Last day of our trek on Via Francegena di San Francesco. (I finally checked one of my photos of the signs we’ve been following to get the name right, so take due note.)

We were tired after 5 days of hard walking/hiking, but so excited too–our final miles. The directions had us following a bike path for much of the way. Its being Sunday, we saw lots of people–bikers, walkers, runners. Such a shift from previous days! And for the first time we walked exclusively on pavement.

The famed garbage problem of Rome. Ironically, this was not an issue so much in the city, but definitely in its outskirts. All bins overflowed, litter everywhere.

I adored my hiking poles, but one of the running gags of our trip was my trying to get the rubber tips to work for me on pavement. They wore out very quickly–probably due to my putting my entire (not insubstantial) weight on them as I got more and more tired. This meant that the pointy part that is so good on rough terrain, skidded and clinked on pavement. I tried stuffing earplugs in the holes in the rubber tips, and that worked for a while, though the tips kept falling off. Imagine the slapstick: put on, fall off, roll some distance (or bounce). Bend down, pick up. Repeat. And repeat. Then I tried pieces of wood that I chiseled down with Annie’s handy army knife. But this last day I gave up, finally stuffed the pathetic rubber tips in a pocket, and tapped my way down the bike path, sidewalks, and streets we walked down.

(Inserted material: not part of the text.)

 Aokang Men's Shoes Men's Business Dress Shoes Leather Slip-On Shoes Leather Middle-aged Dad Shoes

Easy walking! Virtually no hills and only 9 miles that day–maybe even less! But we were tired. I needed my poles.

We walked along the Aniene River for quite a while –which joins the more famous Tiber (or Tevere in Italian). Much of the time we couldn’t see the water, but we caught occasional glorious glimpses.

We parted from the river, but still went mainly along the “pink” bike path, deviating here and there as the directions indicated. We still saw the occasional sign for our pilgrimage trek but they were sadly quite rare and eventually disappeared entirely. Annie, who was in charge of the directions given to us by our tour group, Hidden Italy, usually led the way and instructed me frequently with various snippets of information. Like, the Rome Mosque is the largest mosque outside the “Arab World” (which includes Russia for some reason). Evidently there was quite a bit of a kerfuffle at its construction, resolved when they lowered the minaret to be shorter than St. Peter’s Basilica.

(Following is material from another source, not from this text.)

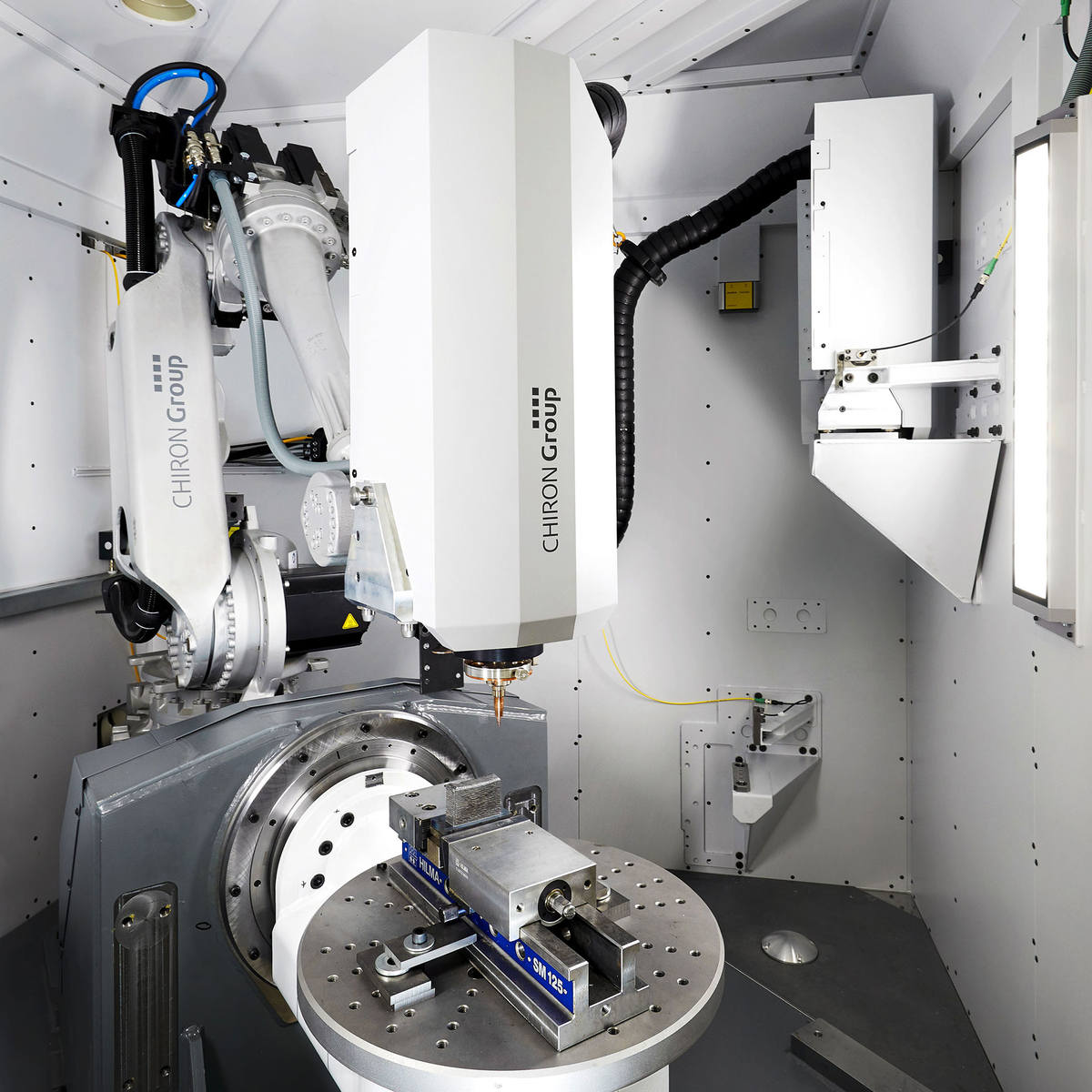Chiron hat die Anlage als Plattform ausgelegt und sie lässt sich mit relativ geringem Aufwand von 4-achsige auf 5-achsige Bearbeitung umrüsten. Ausgestattet mit modernster Sensorik erfüllt der 3D-Metalldrucker «AM Cube» alle relevanten Sicherheitsanforderungen für einen Betrieb ohne Überwachung durch den Bediener.

We were guided PAST a couple of parks, tantalizingly kept from our view by high walls, and annoyingly packed with parked cars that made walking that way difficult. But there were several fun sights on the way.

The oddest bird –a crow in fancy dress? We saw them several times.

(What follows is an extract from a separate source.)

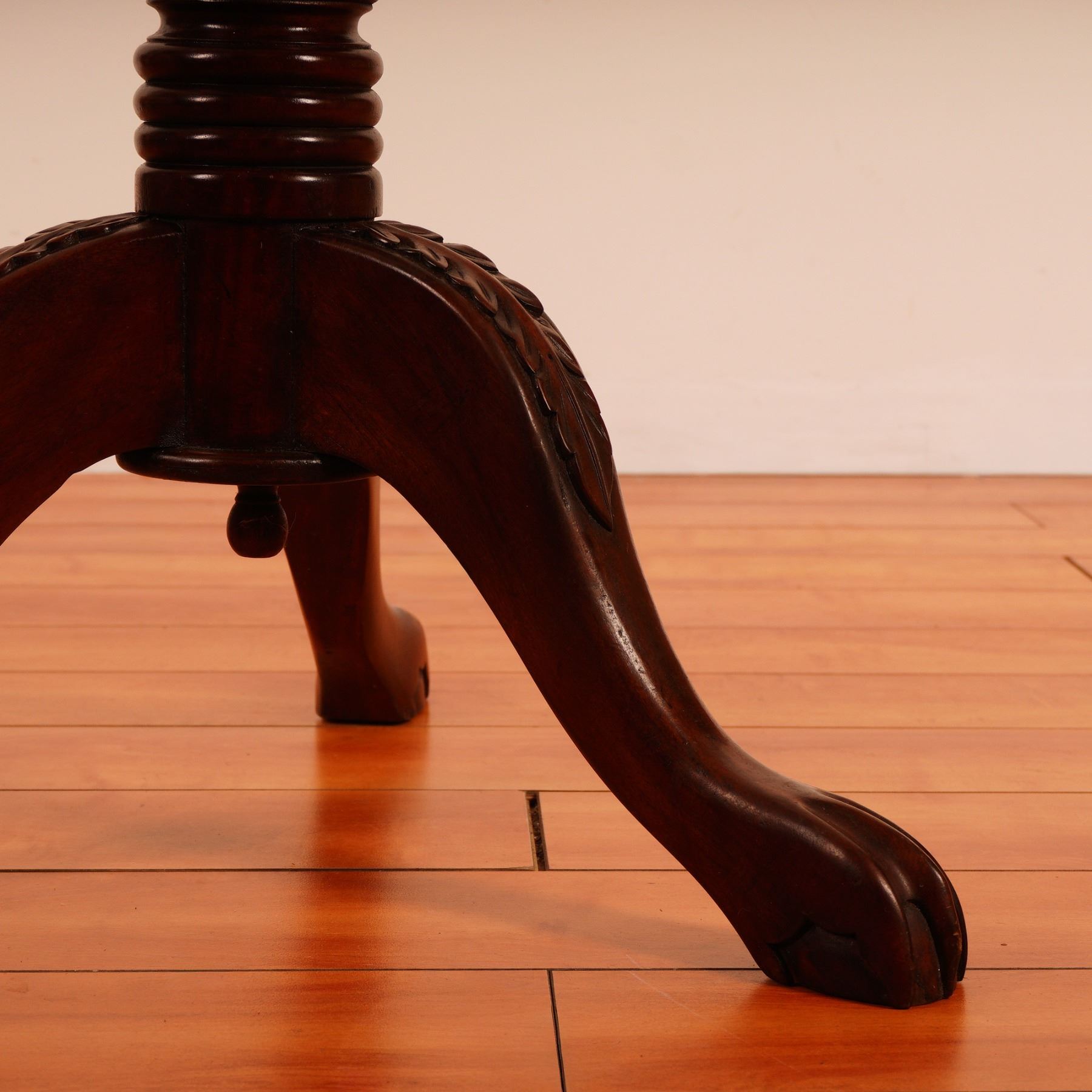 This exquisite mahogany pedestal stand features an intricately hand-carved design of grape clusters and vine leaves spiraling up the central column, culminating in a beautifully scalloped circular top. The rich, deep mahogany finish enhances the natural luster of the wood, while the tripod base rests on claw feet adorned with finely detailed leaf carvings. Perfect for displaying a sculpture, vase, or fine decorative piece, this pedestal embodies the craftsmanship and opulence of early 20th-century furniture making. A refined and stately accent ideal for traditional interiors or elegant gallery spaces.

All the streets were lined with cars parked very tightly. Impressive parking skills, for sure, but it could be difficult to maneuver around when the sidewalk or bike path disappeared (which it did periodically).

A playground, very heavily used, and banked by intriguing architectural/sculptural…things.








But finally we crossed the river–by that time maybe it was the Tiber!– and entered Rome itself. After a delightful surprise of an enormous Sunday flea market,

we started counting bridges.






Many, many, bridges–these are just some. Finally we saw it in the distance: St. Peter’s Basilica.

That’s it. We were almost there!

Closer. Just one more steep stairway to climb.

Very close now. We’re feeling SUCCESS and glory!

And there it is. Complete with the obelisk under which St. Peter himself is said to be buried.










What a fantastic feeling to enter the ancient, eternal city of Rome under our own steam and after several days trekking through the various paths of Lazio to get there. After some confusion to the Rome way of numbering (they address opposite sides of the street differently), we found our hotel for the night, the gorgeous Hotel Santa Anna only a couple of blocks away.

The best part of the room? The most amazing shower either of us had ever experienced.


And now to relax in Rome, to recover our energies, to explore the ancient world, to eat ourselves silly and to sleep and sleep and sleep.